Thursday, August 15, 2013

Coincidence? I think not

Before its college football preview, this week's Sports Illustrated had a story about "Glimmer Twins" Byron Buxton and Miguel Sano, whose presence in the Minnesota Twins system was likened to having Mike Trout and Bryce Harper in the same organization.

If all goes according to plan, Buxton and Sano will lead the Twins for years to come, although an interesting sidebar to the story listed the other five times since 1990 that one organization had two position players in the top five of Baseball America's prospect rankings: Alex Gonzalez and Carlos Delgado (1994 Blue Jays), Ruben Rivera and Derek Jeter (1995 Yankees, and Rivera was ranked higher), Paul Konerko and Adrian Beltre (1998 Dodgers), B.J. Upton and Delmon Young (2004 Devil Rays) and Justin Upton and Stephen Drew (2006 Diamondbacks).

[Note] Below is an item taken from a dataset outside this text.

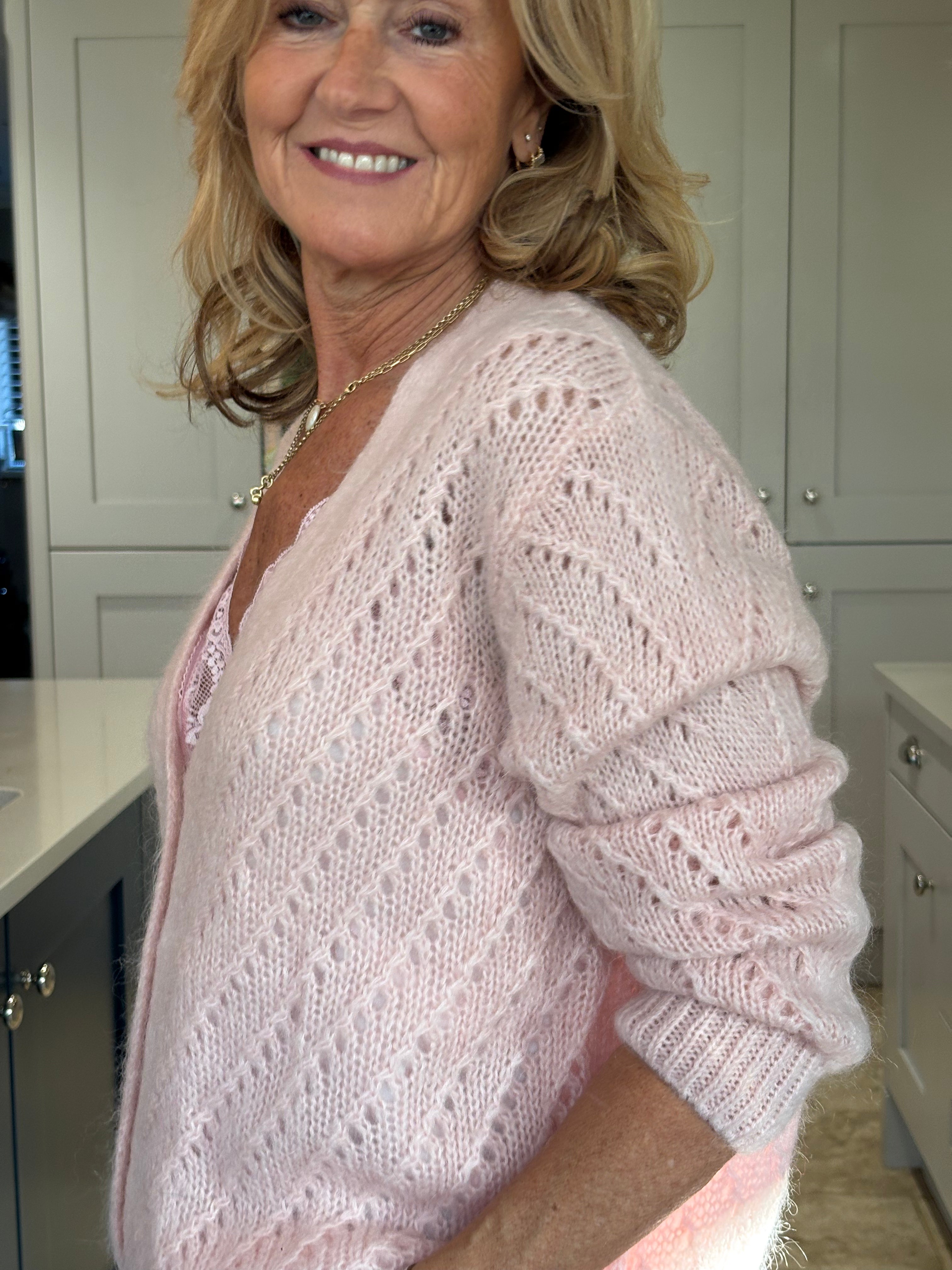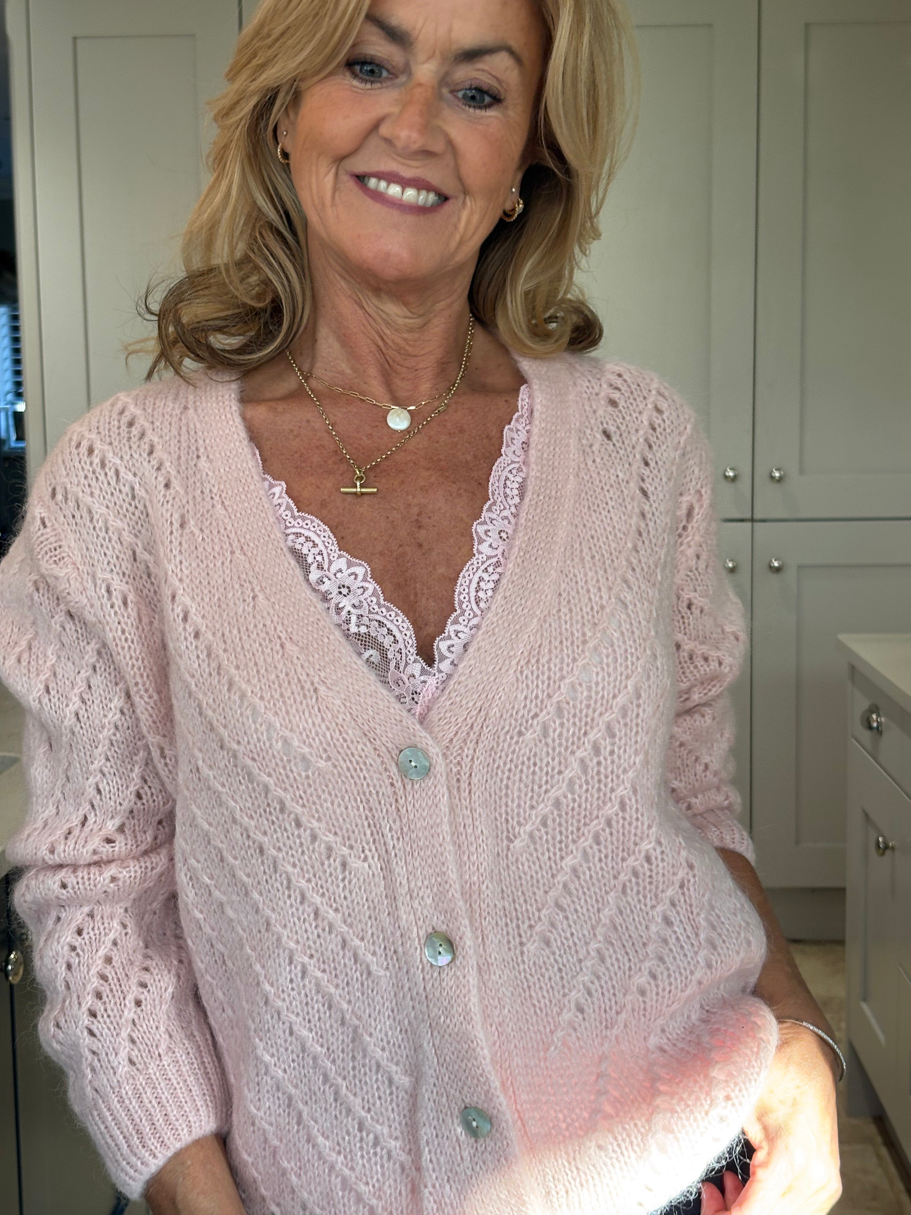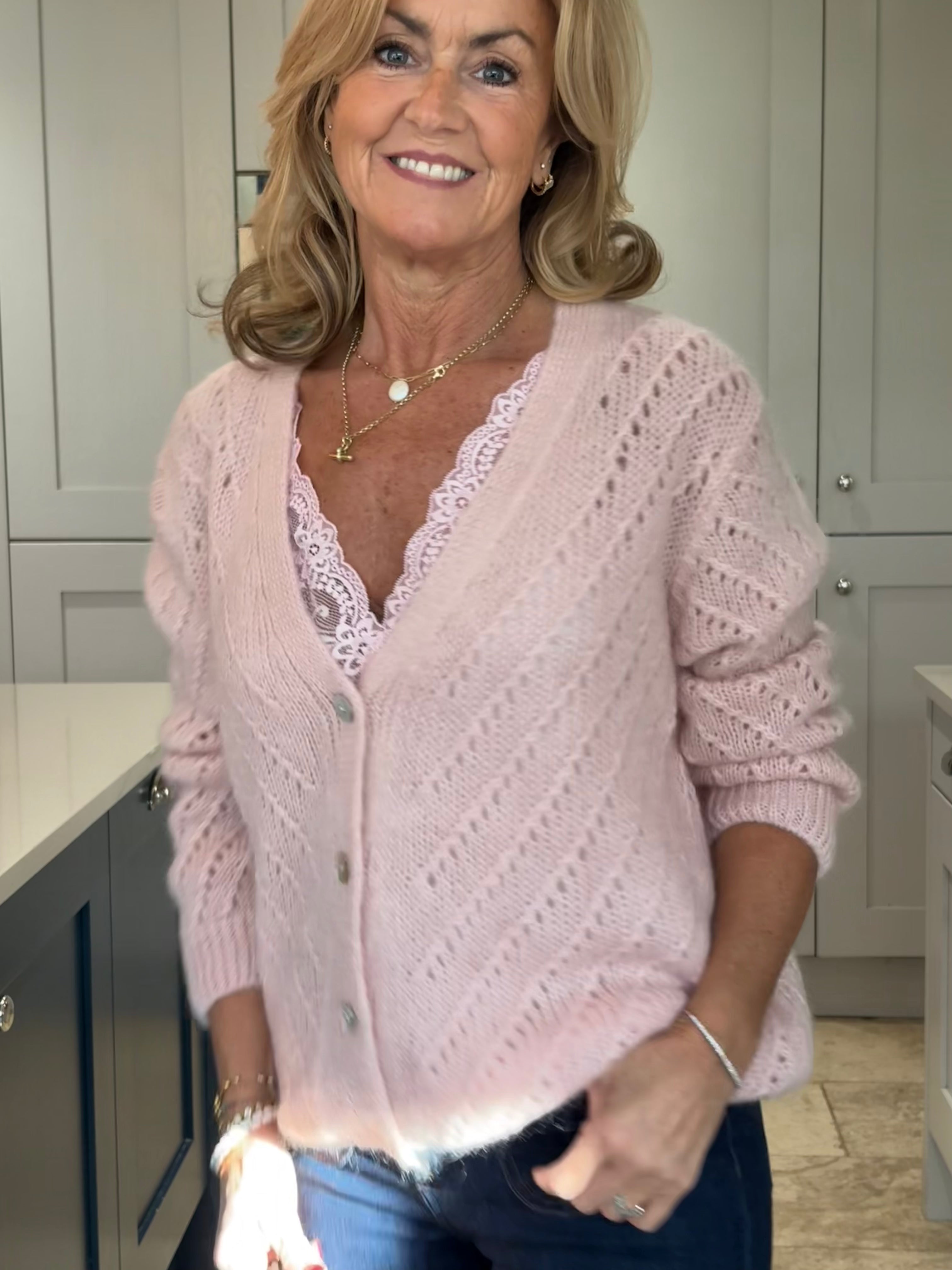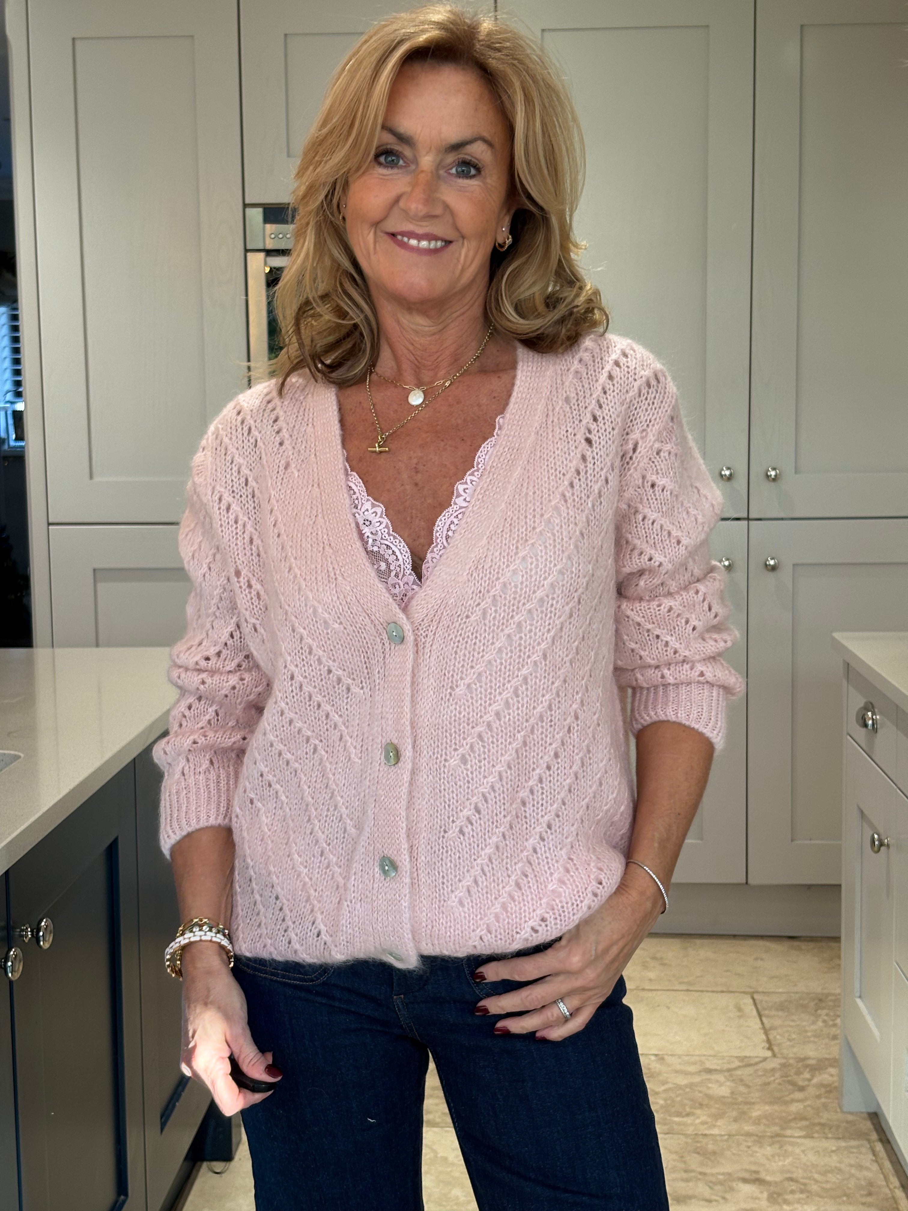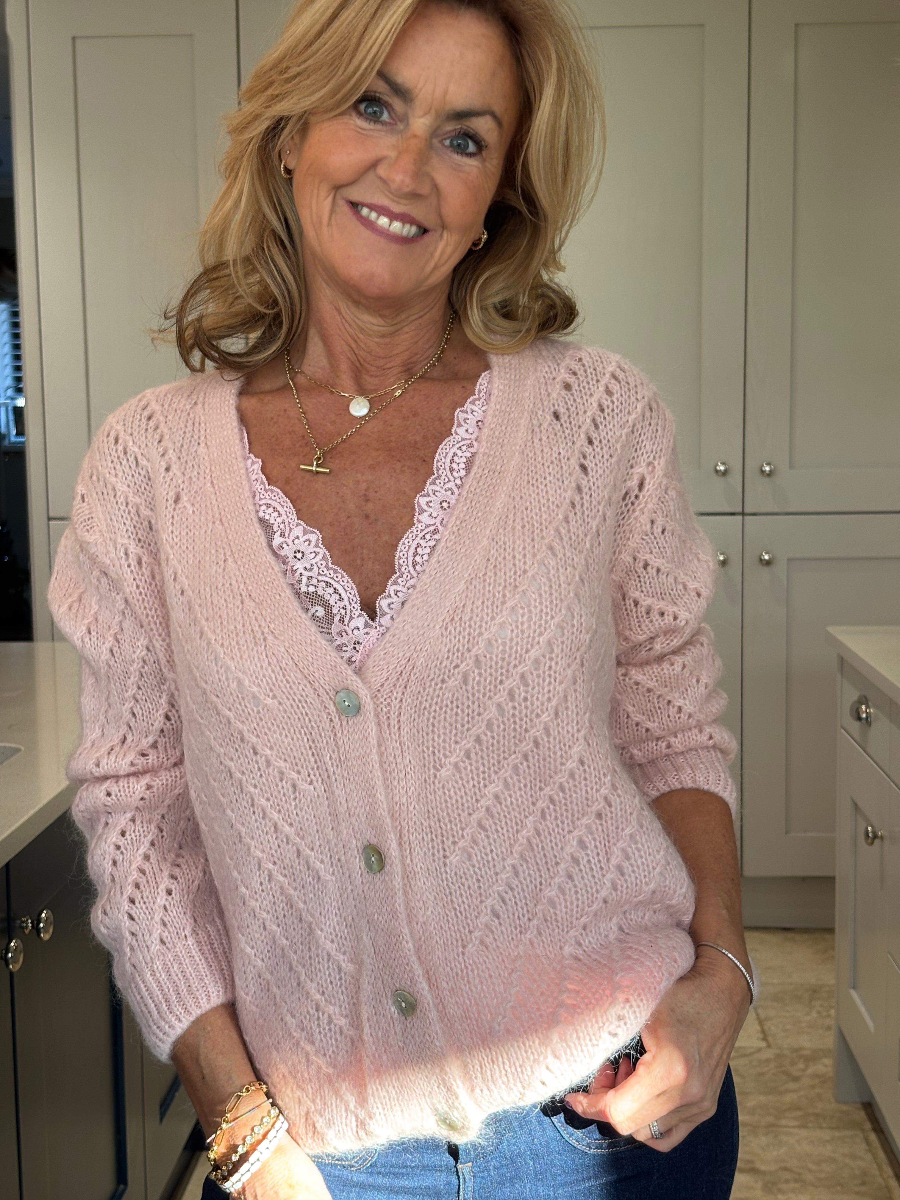 This lovely pastel pink cardigan is a delightful addition to any wardrobe, featuring a deep V neckline that adds a touch of sophistication. The intricate knitted pattern gives it a unique texture. Made from a soft mohair mix, it offers warmth without sacrificing comfort. Versatility is one of its standout qualities; you can easily dress it up by pairing it with a silk camisole and smart trousers or a chic skirt for a polished look. Alternatively, it can be effortlessly layered over a silk dress for a more elegant ensemble. For a casual outing, simply throw it on over a classic shirt and your favorite jeans, creating a relaxed yet stylish outfit.

Out of that group, Rivera is the only outright bust, but Jeter is the only surefire Hall-of-Famer in the bunch, and the Konerko-Beltre pairing is the only one where you could say both became stars ... but not both for the Dodgers at the same time.

Something more subtly interesting, however, at least to me, was writer Albert Chen's description of Sano:
"Sano is a 6'4", 200-pound man-child, the kind of physical specimen that would have SEC coaches breaking NCAA recruiting rules."
Not "college football coaches," "Big 10 coaches," "Pac-12 coaches," "Big 12 coaches" or coaches from any other conference.

You can't tell me that wasn't intentional, that anyone reading that sentence doesn't understand exactly what Chen was getting at. But had they forgotten by the time they got to the college football preview itself, which had seven SEC teams in the top 25?